Repeat word for word the lines from the one containing "Couverture de crémaillère" to the end of the material below, and leave all pictures out.

● ● ●

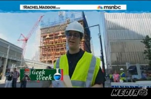 The latest segment of Rachel Maddow‘s “Geek Week,” a report on the construction of the new One World Trade Center, displays many of the qualities that make her show so unique. While many such reports would deliver dry-as-a-bone facts and figures, out-of-context computer simulations, and mawkish archival footage, Maddow eschews the cliche´s in favor of smart-kid wonder and matter-of-fact charm.
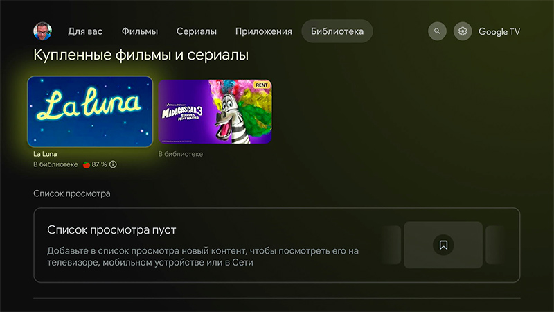 Купленные фильмы и сериалы.
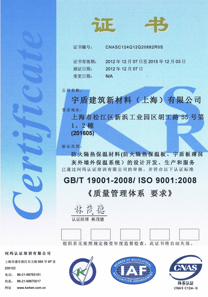 质量认证证书
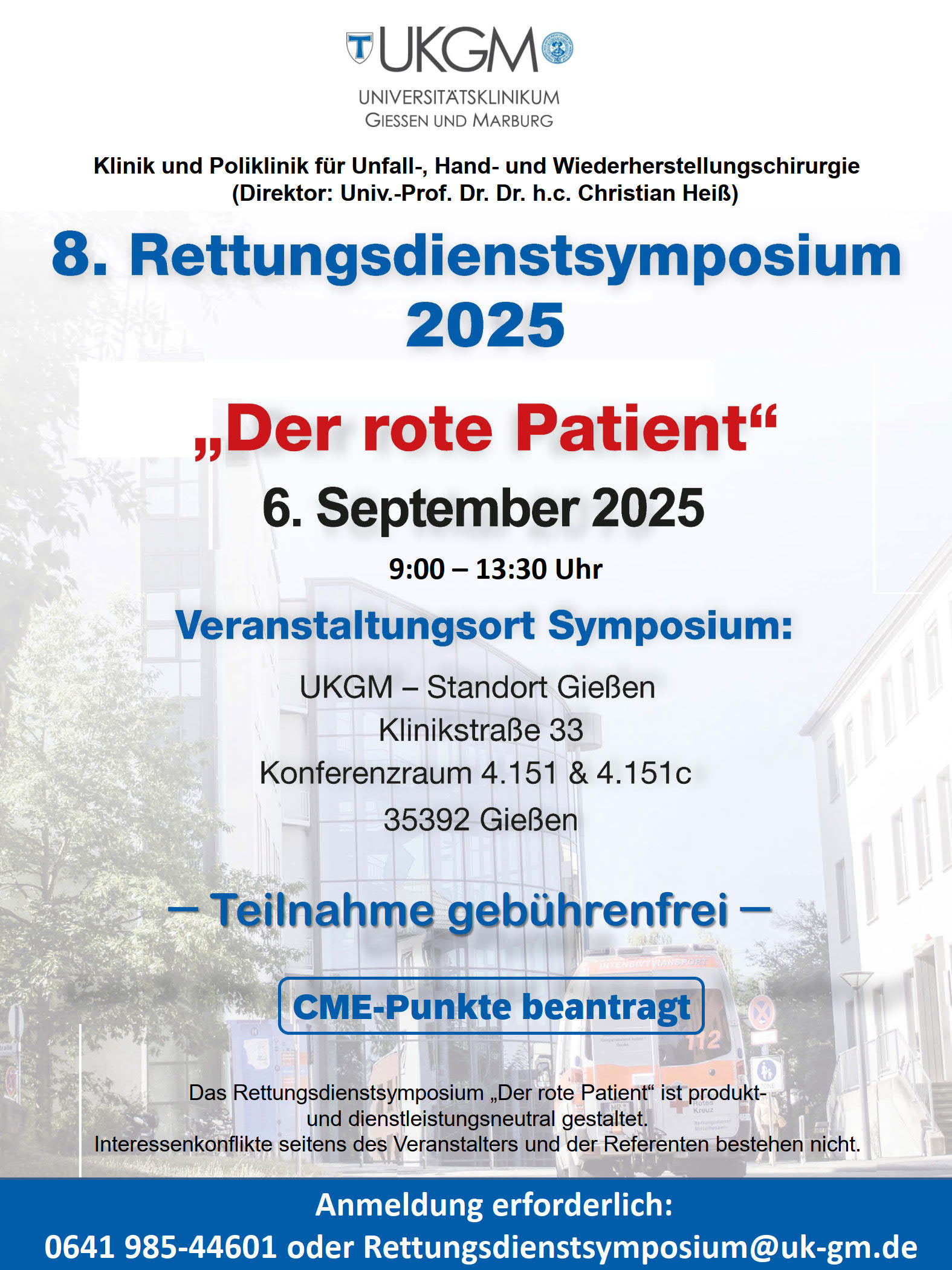 Das Rettungsdienstsymposium "Der rote Patient" ist produkt- und/oder dienstleistungsneutral gestaltet. Interessenkonflikte seitens des Veranstalters und der Referenten bestehen nicht. Ein Sponsoring der Veranstaltung liegt nicht vor.
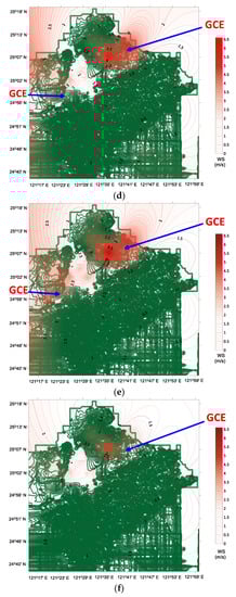 Mean wind speed (m·s−1) and resultant vectors (degree) in the Taipei metropolis when the centres of the continental high-pressure system (CHPS) were in different regions: (a) region-α; (b) region-β; (c) region-γ. Mean wind speed (m·s−1) and geographical channel effect (GCE) in the Taipei metropolis when the centres of CHPS were in different regions: (d) region-α; (e) region-β; (f) region-γ.
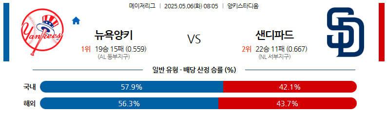 05월 06일 MLB 뉴욕양키스 샌디에이고 분석
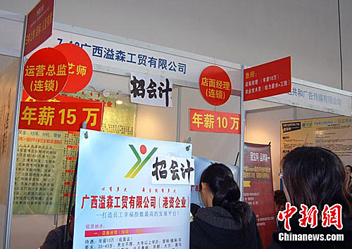 3月12日,2011年春季廣西人才交流大會(huì)在南寧國(guó)際會(huì)展中心舉行。714家用人單位前來(lái)“招兵買馬”,并用各種雷人方式吸引求職者的眼球。
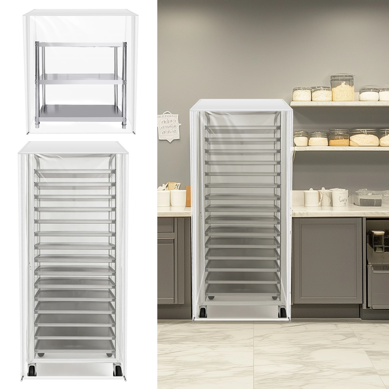 Couverture de crémaillère à pain avec fermeture éclair, support de casserole à 20 niveaux/couvercle de crémaillère pour petits pains, 23 "x 28" x 64 ", haute densité, étanche et anti-poussière
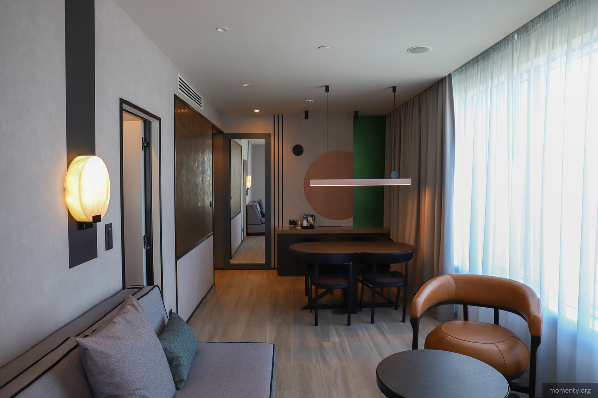 — За счет select service мы установили более демократичные цены. В таком формате гости могут чувствовать себя свободнее: у нас нет определенного дресс-кода, в лобби с круглосуточным маркетом расслабленная атмосфера, фитнес-зал тоже работает 24/7. Чтобы поддерживать такое настроение мы разработали органичное пространство, где стойка регистрации плавно перетекает в маркет и Zoom Bar в стиле городских джунглей, — поделилась в разговоре с «Моментами» менеджер по маркетинговым коммуникациям Hyatt Place Дарья Волкова.
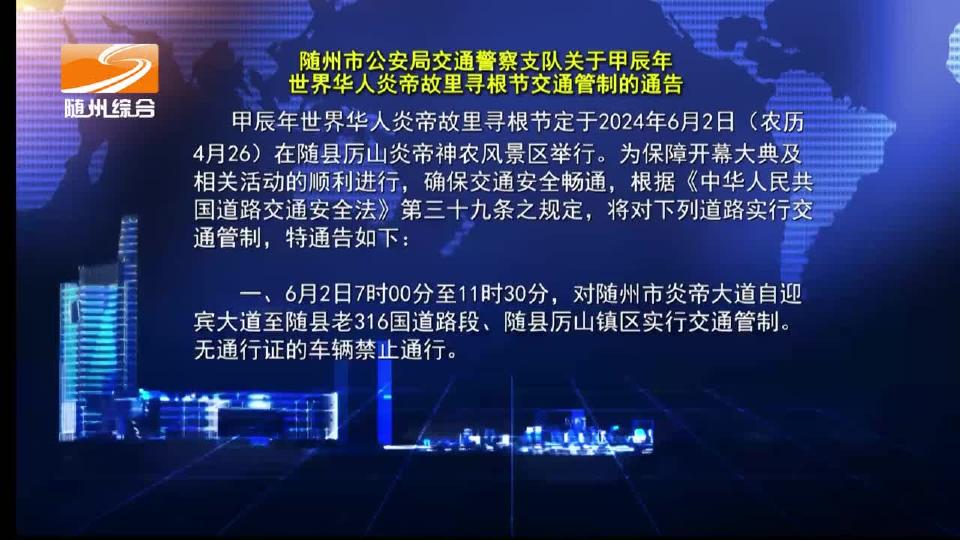 V视| 随州市公安局交通警察支队关于甲辰年世界华人炎帝故里寻根节交通管制的通告
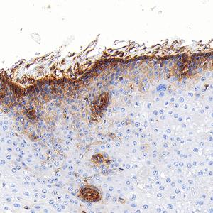 | IHC检测Integrin beta 1/CD29蛋白(货号 GB155629). 样品: 人食管, 4%多聚甲醛 (货号G1101) 固定12-24小时. 抗原修复: Tris-EDTA抗原修复液(pH 9.0) (G1203), 100℃, 25分钟. —抗: 1: 6000稀释, 4℃ 孵育过夜. 二抗: S-vision免疫组化多聚二抗(山羊抗兔),即用型 (货号G1302), 室温孵育20分钟. |
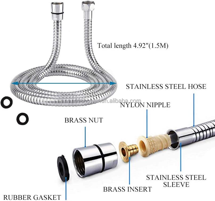 Tuyau de douche flexible moderne en acier inoxydable de haute qualité 1,5 m WARS ACS Test Spa pour salle de bain

● ● ●

*RESULT BELOW:*
 Couverture de crémaillère à pain avec fermeture éclair, support de casserole à 20 niveaux/couvercle de crémaillère pour petits pains, 23 "x 28" x 64 ", haute densité, étanche et anti-poussière
 — За счет select service мы установили более демократичные цены. В таком формате гости могут чувствовать себя свободнее: у нас нет определенного дресс-кода, в лобби с круглосуточным маркетом расслабленная атмосфера, фитнес-зал тоже работает 24/7. Чтобы поддерживать такое настроение мы разработали органичное пространство, где стойка регистрации плавно перетекает в маркет и Zoom Bar в стиле городских джунглей, — поделилась в разговоре с «Моментами» менеджер по маркетинговым коммуникациям Hyatt Place Дарья Волкова.
 V视| 随州市公安局交通警察支队关于甲辰年世界华人炎帝故里寻根节交通管制的通告
 | IHC检测Integrin beta 1/CD29蛋白(货号 GB155629). 样品: 人食管, 4%多聚甲醛 (货号G1101) 固定12-24小时. 抗原修复: Tris-EDTA抗原修复液(pH 9.0) (G1203), 100℃, 25分钟. —抗: 1: 6000稀释, 4℃ 孵育过夜. 二抗: S-vision免疫组化多聚二抗(山羊抗兔),即用型 (货号G1302), 室温孵育20分钟. |
 Tuyau de douche flexible moderne en acier inoxydable de haute qualité 1,5 m WARS ACS Test Spa pour salle de bain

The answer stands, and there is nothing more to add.